Do Economies Need Blueprints?

“We even owned a nightclub in Mexico City. It was probably the only nightclub in the world losing money.” Jesus Silva Herzog, on all the money-losing state-owned companies he had to privatize as Mexico’s finance minister in the 1980’s.

I’ve just been reading an excellent 1998 book about the results of government meddling in the economies of various nations. In The Commanding Heights, authors Daniel Yergin and Joseph Stanislaw profile the results of government economic policies in over a dozen different countries, and what they found casts a very negative pall on President Obama’s stated intention to sit in the nation’s capital and draw up a “blueprint for the economy.”

In nation after nation, government management of businesses caused such disastrous economic damage that it had to be abandoned in favor of free enterprise.

The book’s most striking example of the contrast between a centrally planned economy and a more free market oriented economy is probably China. Starvation was actually the leading cause of death for the Chinese people during Mao’s “Great Leap Forward,” in which the government nationalized virtually all private property and established a centrally controlled economy. Hunger-related illnesses and deaths continued to be a major problem until Mao died and successor Deng  Xiaoping started moving the nation toward privatization and deregulation.

Today China’s economy is growing even faster than it was in 1998, when Yergin and Stanislaw wrote their book.

India never had a starvation death toll of millions of people per year, as China did under Communism, but it was a desperately poor country under a system of Democratic socialism all through the 1950’s, 60’s, 70’s, and 80’s. In 1991, an economic collapse forced India to try privatization and deregulation, under which it has prospered for the last twenty years.
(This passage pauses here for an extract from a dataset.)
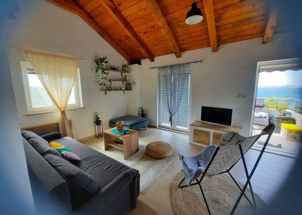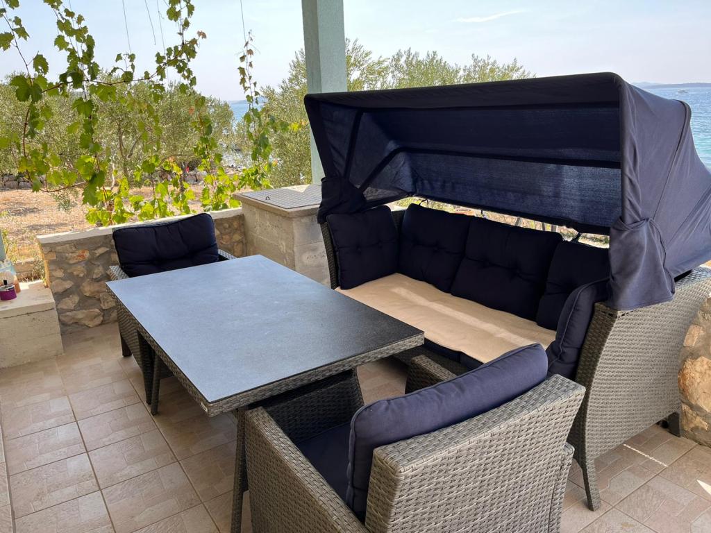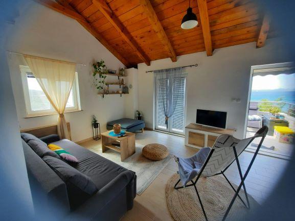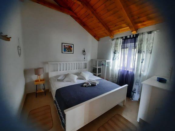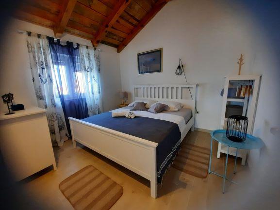 Hvis du ønsker en ferie uden biler, turistmængder, fordelene ved civilisation og infrastruktur, så er dette det rigtige valg for dig. Huset ligger på den sydlige side af øen Pašman i Čerene Bay med udsigt over Kornati National Park. Det tilbyder solenergi og rindende vand fra en tank, der skal håndteres sparsomt. LEJLIGHED 1 To soveværelser med i alt 6 senge, badeværelse, køkken, spisestue, stue, terrasse. LEJLIGHED 2 To soveværelser med i alt 4 senge, badeværelse, køkken, spisestue, stue med sovesofa til to personer, terrasse og udendørs grill. Udenfor huset er der solbruser og grill. Huset nås af en sti, der er på nogle dele makadam. På gæstens anmodning er det muligt at arrangere transport til anlægget. Bygningen udlejes i sin helhed. I løbetid 06.09.2022. det er muligt kun at leje én lejlighed til max 6 personer (4 + 2) til nedsat pris. Ved leje af den ene lejlighed udlejes den anden ikke, så gæsterne har deres privatliv.

Bolivia in the early 1980’s “what the state did not own, it heavily regulated.” The result was widespread unemployment, skyrocketing government debt, and twenty-four thousand percent inflation. Free market reforms beginning in 1985 reversed all the downward trends and set the nation on a path to prosperity.  
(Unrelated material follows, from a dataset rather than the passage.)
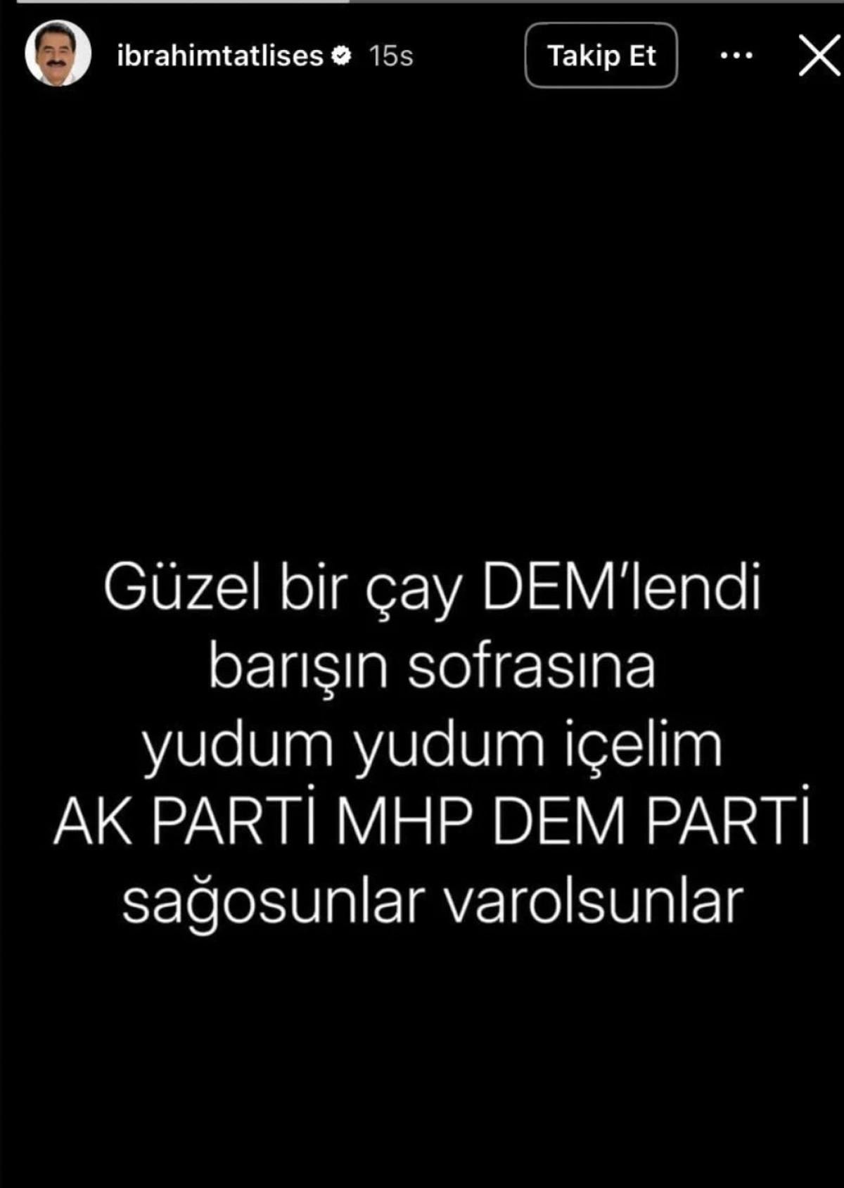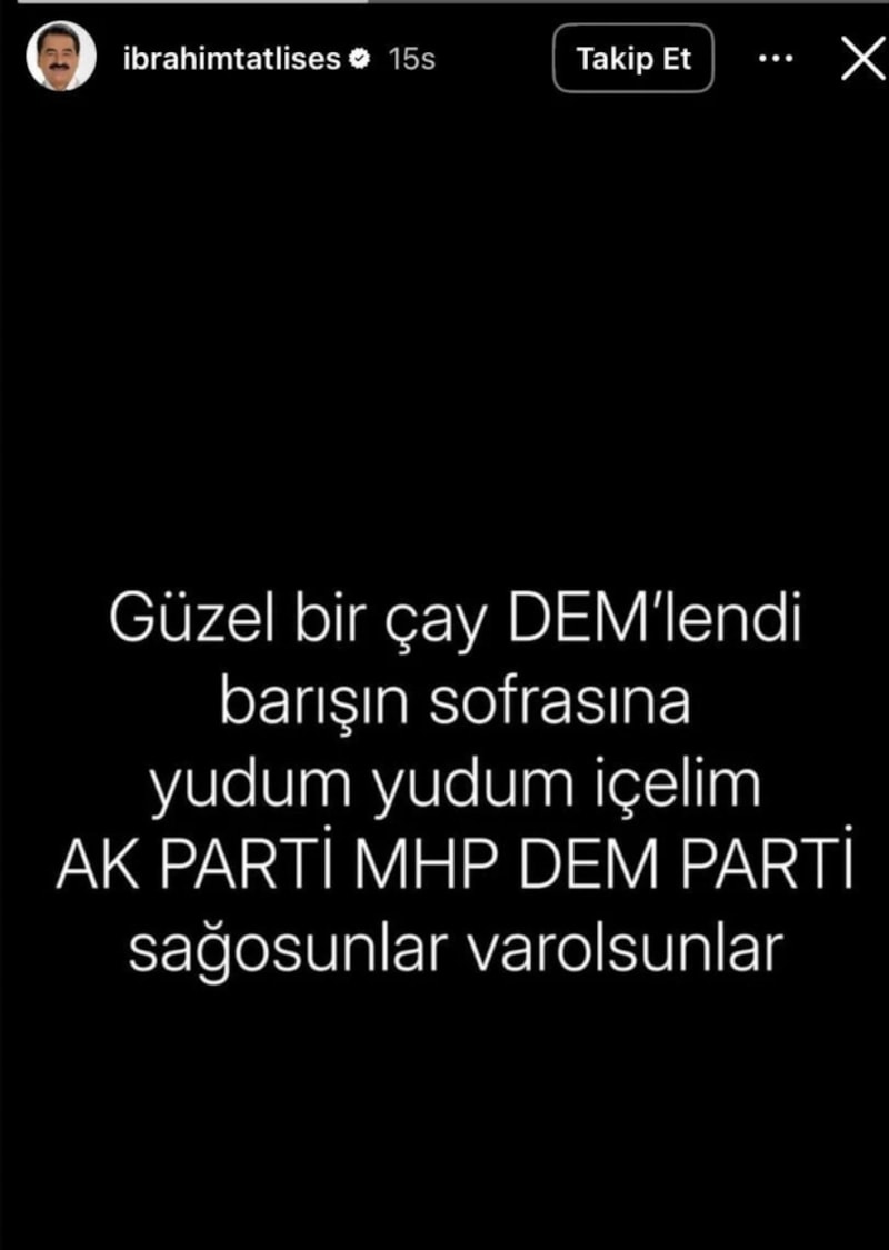 Cumhurbaşkanı Erdoğan'ın bu sözlerinin ardından İbrahim Tatlıses, sosyal medya hesabından; "Güzel bir çay DEM'lendi barışın sofrasına yudum yudum içelim. AK Parti, MHP, DEM Parti sağ olsunlar, var olsunlar." mesajını yayımladı.

When Poland’s Solidarity party jetisoned socialism and privatized, real wages for Polish workers increased sevenfold in two years.
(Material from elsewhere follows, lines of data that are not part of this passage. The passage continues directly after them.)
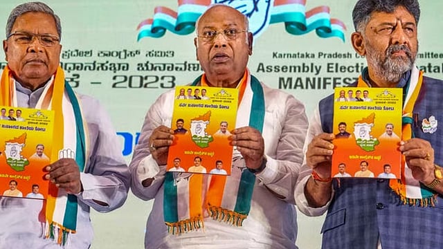In the manifesto -- 'Sarva Janangada Shanthiya Thota' (Peaceful garden of all communities) -- released by Congress President M Mallikarjun Kharge in the presence of the state unit chief D K Shivakumar and CLP leader Siddaramaiah, among others, the oppposition party reiterated its five guarantees -- 'Gruha Jyothi', 'Gruha Lakshmi', 'Anna Bhagya', 'Yuva Nidhi' and 'Shakti'.
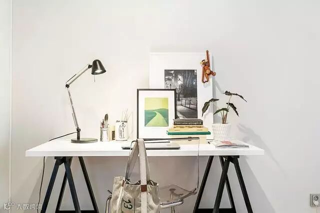 书桌的摆放,配合了少许北欧管用的金属工业元素,突显干练与简约。
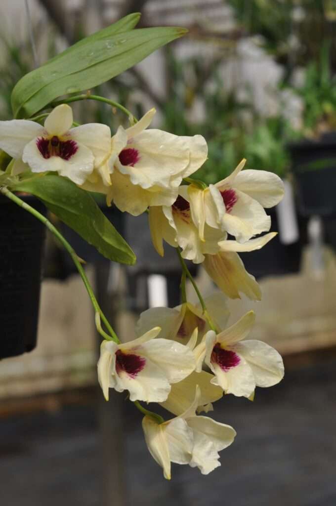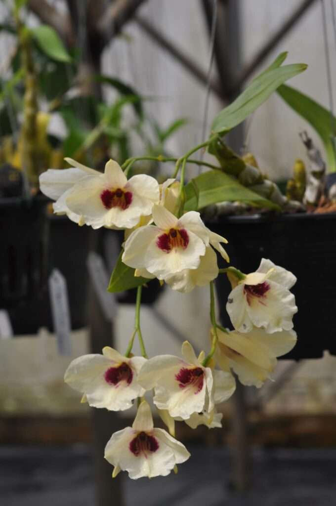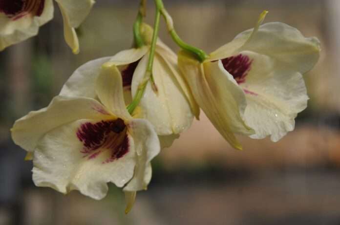 เมื่อถึงฤดูออกดอก ระหว่างเดือนกุมภาพันธ์ถึงมีนาคม ช่อดอกจะยื่นออกใกล้ปลายยอด ความยาวราว 15–20 เซนติเมตร แต่ละช่อมีเพียง 3–5 ดอก ราวกับตั้งใจให้ทุกดอกโดดเด่นอย่างสง่างาม กลีบดอกสีขาวหรือครีมนวล ตัดกับแต้มสีม่วงแดงบริเวณกลีบปากด้านใน เสมือนลวดลายที่ธรรมชาติบรรจงวาดขึ้นอย่างประณีต
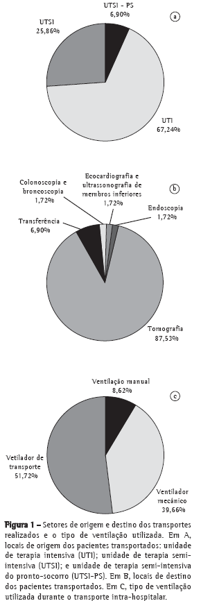 Todas as unidades envolvidas neste estudo apresentavam um padrão semelhante de transporte, e os pacientes foram submetidos ao transporte intra-hospitalar conforme a rotina do setor. O tipo de ventilação utilizado foi decidido pela própria equipe, de acordo com as condições clínicas do paciente e com a disponibilidade dos equipamentos no setor.

In case after case, nations where the government was empowered to blueprint the economy suffered worse and worse privations until they liberated their businesses from government control. Anyone who studies these stories should find cause for alarm in President Obama’s agenda of dictating business decisions from a political office.

My favorite Ronald Reagan quote just can’t be repeated enough: “The most terrifying words in the English language are ‘we’re from the government, and we’re here to help’.”